Allary, Paris, 2017, pp. 178-179.
Les autres notes sur les dialogues du cerveau :
- 1ère partie: Les illusions de la perception
- 2ème partie : L'impossible localisation du moi
- 4ème partie : Libre-arbitre et déterminisme
Nos
facultés sensorielles ne nous offrent qu'une ouverture très limitée
sur le monde. C'est comme si nous étions à l'intérieur d'un
château-fort dont les murs épais ne laissent que quelques étroites
meurtrières pour contempler le monde environnant, et encore certains
côtés du château n'ont aucune meurtrière pour pouvoir voir ce
qu'il s'y passe, l'infiniment petit est un de ces aspects du monde,
qui nous est inaccessible.
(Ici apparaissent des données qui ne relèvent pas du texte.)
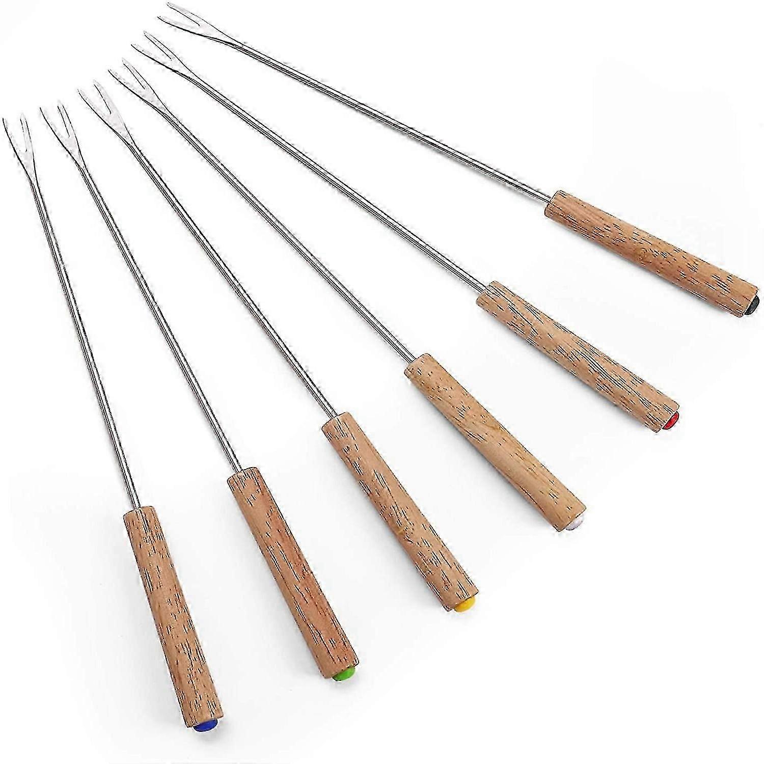 Stainless Steel Fondue Fork Heat Resistant Wooden Handle 9.5" - 6 Pieces SZBYM364

En outre, la cour intérieure du château
ainsi que le donjon et les bâtisses centrales ne sont aussi visibles
qu'à travers d'étroites meurtrières et de minuscules ouvertures.
Avec
les yeux, nous pouvons voir tout le spectre des couleurs, ce qui est
déjà un miracle de l'évolution des espèces, mais une grande gamme
des rayons du soleil nous est inaccessible : les ultraviolets,
les infrarouges notamment... L'évolution nous a doté de sens qui
était utile à notre survie, pas nécessairement des sens qui était
utile à la compréhension des rouages intimes du monde. Tout ce que
les hommes peuvent faire pour pallier ces déficiences est d'inventer
des machines qui nous permettront d'explorer ces mondes invisibles,
un peu comme on pare un mal-entendant d'appareils auditifs pour
pallier à sa surdité.
Par
ailleurs, notre dimension mésoscopique, c'est-à-dire à mi-chemin
entre l'infiniment grand et l'infiniment petit ne nous permet de
comprendre adéquatement que les phénomènes de notre dimension.
Dans l'infiniment grand, la théorie de la relativité générale
d'Einstein nous explique que les objets particulièrement massifs
comme les étoiles et les planètes courbent l'espace-temps.
Concrètement, cela ne signifie rien pour nous. Comment un monde en
quatre dimensions ? Cela nous dépasse complètement. Pour
essayer de comprendre, nous devons faire des sortes d'analogies,
comme de représenter l'espace comme un tapis en mousse sur lequel on
poserait un boule de bowling (l'objet particulièrement massif comme
une étoile ou une planète). La boule de bowling déformerait sans
conteste le tapis en mousse, créant une dépression dans lesquelles
les billes qu'on y lancerait seraient attirées vers la boule de
bowling. Cette analogie permet de comprendre la gravitation dans le
cadre de la relativité générale ; mais malgré tout, cela
reste un phénomène assez mystérieux qui n'est pas du tout
intuitif.
Imaginons
maintenant que nous soyons une baleine cosmique de la taille de la
planète Terre, évoluant majestueusement dans l'espace intersidéral.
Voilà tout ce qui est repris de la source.